9. A video tag dynamic overlay anti-shake system based on AR, characterized in that, The system is used to perform the AR-based video tag dynamic overlay anti-shake method according to any one of claims 1 to 8, the system comprising: The video pose acquisition module identifies the front-end monitoring device, acquires the real-time video stream, and acquires the device pose parameters of the front-end monitoring device at the corresponding timestamp. The initial coordinate calculation module constructs a dynamic perspective projection model based on the device pose parameters, and calculates the initial pixel coordinates of the target AR tag in the current video frame based on the dynamic perspective projection model. The search window planning module plans a local feature search window based on the initial pixel coordinates.

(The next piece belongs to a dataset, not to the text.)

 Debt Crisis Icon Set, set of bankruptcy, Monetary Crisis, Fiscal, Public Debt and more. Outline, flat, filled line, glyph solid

The local feature search window represents a local image region centered on the initial pixel coordinates. The pixel displacement calculation module calculates the average pixel displacement vector of the image feature points of the current video frame and adjacent historical video frames within the local feature search window; The reverse compensation rendering module performs reverse displacement compensation on the initial pixel coordinates using the average pixel displacement vector to obtain the target rendering coordinates, and renders the target AR tag to the current video frame based on the target rendering coordinates.

10. The AR-based video tag dynamic overlay anti-shake system according to claim 9, characterized in that, The search window planning module includes: The zoom ratio unit is analyzed to analyze the real-time optical zoom ratio in the device pose parameters. The target side length calculation unit calculates the target window side length by multiplying the real-time optical zoom ratio with the preset basic window side length. The local window delineation unit, based on the current video frame, uses the initial pixel coordinates as the center point to truncate the side length of the target window and obtain a local feature search window.